Amazon is notorious for withholding data with advertisers, and agencies say the data Amazon gives them from the direct-sold video ad campaigns doesn't match the data Amazon supplies through its self-serve platform, making it hard to compare the performance of video campaigns to existing search campaigns.
"The two big pushbacks have been: 'We don't have the right kind of creative or we're not comfortable with the attribution that you're getting back,'" iProspect's Hutchinson said. "Amazon builds and reports on the campaign behind the scenes."
The format often requires brands to come up with new creative
Figuring out the right creative approach is another challenge. The creative needs to be promotional and quickly show images of products within the first few seconds, according to best practices Amazon published on its website. Agencies have found the sweet spot with video length to be under 10 seconds.
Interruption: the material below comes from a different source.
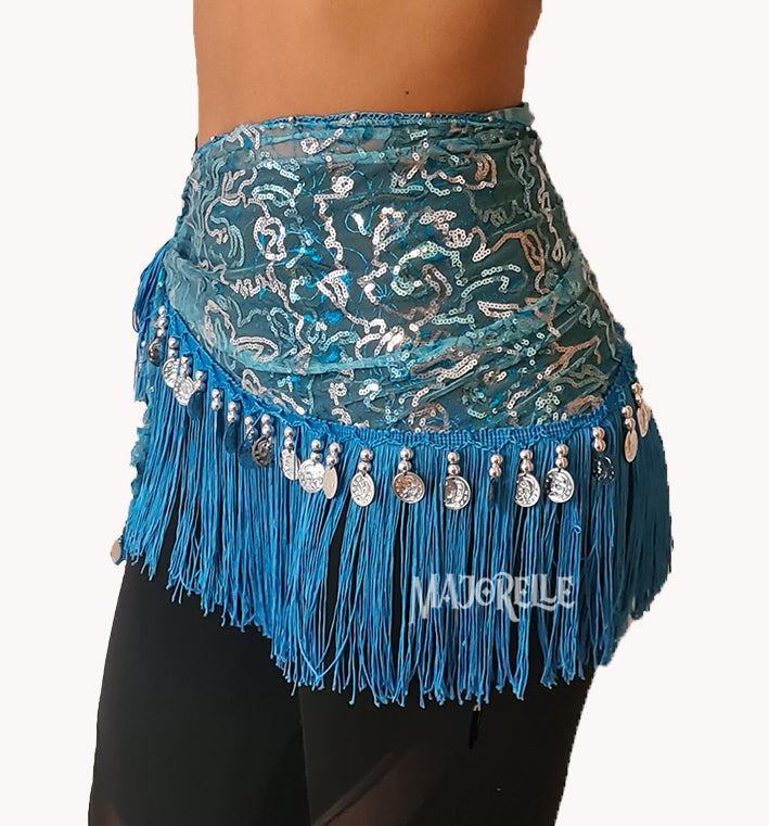 Heupsjaal turquoise met zilveren lijntjes en zilveren muntjes

iProspect found eight seconds to be ideal, but Hutchinson said brands didn't have such assets readily available, so making them adds to the production cost.
For a fashion client, iProspect tested a video ad in Amazon search results and found that the creative was too long, at more than 10 seconds, to get people to click through on it.
"There wasn't the attribution to see the sales so it was one that couldn't sustain a second test until we got creative specifically designed for the product shots," he said. "To get that creative briefed in, something would have had to be scarified and there's far more established channels and places for that creative to go."
The challenges with video reflect advertisers' larger frustrations getting a handle on Amazon's ad business. Amazon has integrated its advertising teams into a single brand, but agencies say it's still difficult to navigate the company's ad products, which sit in different divisions.
"You have two traditionally separate groups that are trying to handshake with this product," Kenshoo's Weinheimer said.